Praseodymium-doped Bi4Ti3O12 (BIT) with various compositions of dopant, Pr (x = 0.5, 0.6, 0.7, 0.8) in Bi4−xPrxTi3O12 (BPT) were synthesized using a low temperature wet chemical technique. Powders calcined at 800 °C exhibit a single phase polycrystalline perovskite bismuth-layered structure. Randomly oriented plate-like structures were observed under Scanning Electron Microscope (SEM). A small amount of Pr doping (x = 0.5) resulted in dramatically reduced of grain size from 2 μm to less than 50 nm in which Pr plays the role as a grain growth inhibitor. However, by increasing the composition of Pr, bigger grain size of up to 1 μm was observed for x = 0.8 that was caused by diffusion of Pr in the perovskite structure. Dielectric properties showed that dielectric permittivity decreased with the addition of x = 0.50, and increasing with further addition of Pr. Dissipation factor (tan δ) followed the same trend as dielectric constant that was attributed to the grain size of the samples.

Introduction

Bismuth titanate, Bi4Ti3O12 (BIT) is a ferroelectric material that has potential applications as capacitors, pyroelectric sensors, high temperature piezoelectric or electrooptic devices [1], [2], [3]. BIT has a layered perovskite structure in which (Bi2Ti3O10)2− and (Bi2O2)2+ layers alternate, named Aurivillius structure [4]. BIT is a typical layer-structured perovskite-type ferroelectric material and promising for electronic applications due to its high dielectric permittivity, high Curie temperature, and high breakdown strength [5]. However, BIT shows fatigue and unexpectedly higher leakage electric current, which have appeared as obstacles for further technological adoption [6]. Recent studies revealed that Bi3+ ions in BIT structure could be substituted by trivalent lanthanide ions, and their ferroelectric properties were in reasonable ranges for memory applications. Lanthanide-substituted BIT is an attractive lead-free material for memory applications because of their relatively large remanent polarizations and fatigue-free characteristics [2], [5], [6]. It is worthwhile to study ferroelectric properties of praseodymium-substituted bismuth titanate, Bi4−xPrxTi3O12 (BPT), since Pr is a member of lanthanide that is expected to reduce the Bi and O vacancies in BIT. Furthermore, the six-coordinated ion radius of Pr3+ (0.113 nm) is similar to that of Bi3+ (0.117 nm), which suggest that an easy replacement of Pr to Bi without a large lattice distortion [2].
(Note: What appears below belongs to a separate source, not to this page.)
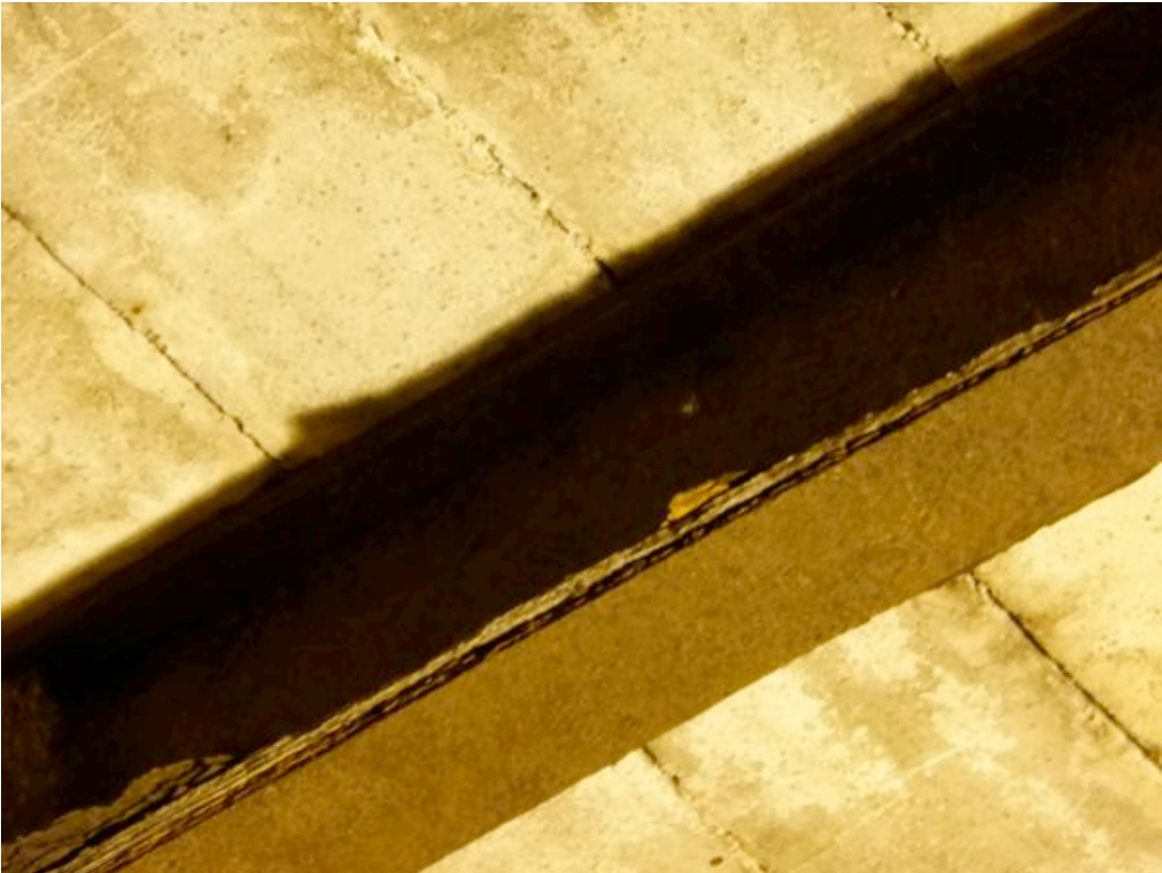
Corroding Roof Support Beam

Since the last decades, BIT ceramics have been synthesized by various methods, including chemical coprecipitation, sol–gel process, hydrothermal synthesis, and conventional mixed oxide technique [7]. In most works, Bi-based powders are prepared using a conventional mixed oxide technique [8], [9], [10]. Therefore, high temperature sintering up to 1400 °C is essential to obtain a dense sample. However, Bi ions are volatile at high temperature above 1130 °C. Thus, sintering temperature need to be reduced to avoid Bi volatilization. It is widely recognized that chemical synthesis route provides a better homogeneity, fine powders and a lower formation temperature, due to molecular scale mixing in the precursor level [11]. The wet chemical technique is capable to produce fine particle size of the powder ranging from nanometers to submicron that require low sintering temperature. Thus, the problem of Bi volatilization could be eliminated. Furthermore, wet chemical technique is also less expensive, better control of stoichiometry and requires simple equipment set up. Hence, BIT as well as BPT have been synthesized in our laboratory by a wet chemical route, which was based on aqueous solutions of nitrate salts and a Ti(IV) isopropoxide. In this paper, the effects of substitution Pr3+ for Bi3+ in BIT structure on crystallization behaviour, surface morphology and electrical properties are reported.

Section snippets

Experimental details

Bi4Ti3O12 and Bi4−xPrxTi3O12 with different compositions of praseodymium (x = 0.5, 0.6, 0.7, 0.8) were synthesized using a wet chemical route. For the preparation of BPT, bismuth nitrate [Bi(NO3)3.5H2O], praseodymium nitrate [Pr(NO3)3·6H2O] and titanium isopropoxide [Ti[OCH(CH3)2]4] were used as starting materials for Bi, Pr and Ti, respectively. Bismuth nitrate and praseodymium nitrate were dissolved at 40 °C in 2-methoxyethanol [CH3OCH2CH2OH]. Separately, titanium isopropoxide was dissolved in

Results and discussion

To critically assess the effect of Pr substitution on the phase stability, both BPT with different compositions of Pr (x = 0.5, 0.6, 0.7, 0.8) and BIT powders were prepared, and their crystal structures were analyzed using XRD method. XRD spectra of the BPT and BIT powders calcined at 800 °C for 3 h are shown in Fig. 1. From the XRD patterns, it is clear that reflection peaks can be indexed as a bismuth-layered perovskite structure. BPT powders do not show any evidence of the formation of

Conclusion

Bismuth titanate (BIT) and Pr-doped bismuth titanate (BPT) with different composition of dopant were successfully synthesized using a wet chemical route. XRD spectra of calcined powders show a single phase bismuth-layered perovskite structure. This observation indicates that the praseodymium ions in the BPT do not form minority phases or segregate from the interior grain but dissolve into the perovskite lattice. BIT single phase possesses an orthorhombic structure. Substitution of Pr in Bi

Acknowledgements

The authors appreciate technical supports from School of Materials and Mineral Resources Engineering, and School of Electrical and Electronic Engineering Universiti Sains Malaysia. This research was supported by Science fund 305/Pbahan/6013357.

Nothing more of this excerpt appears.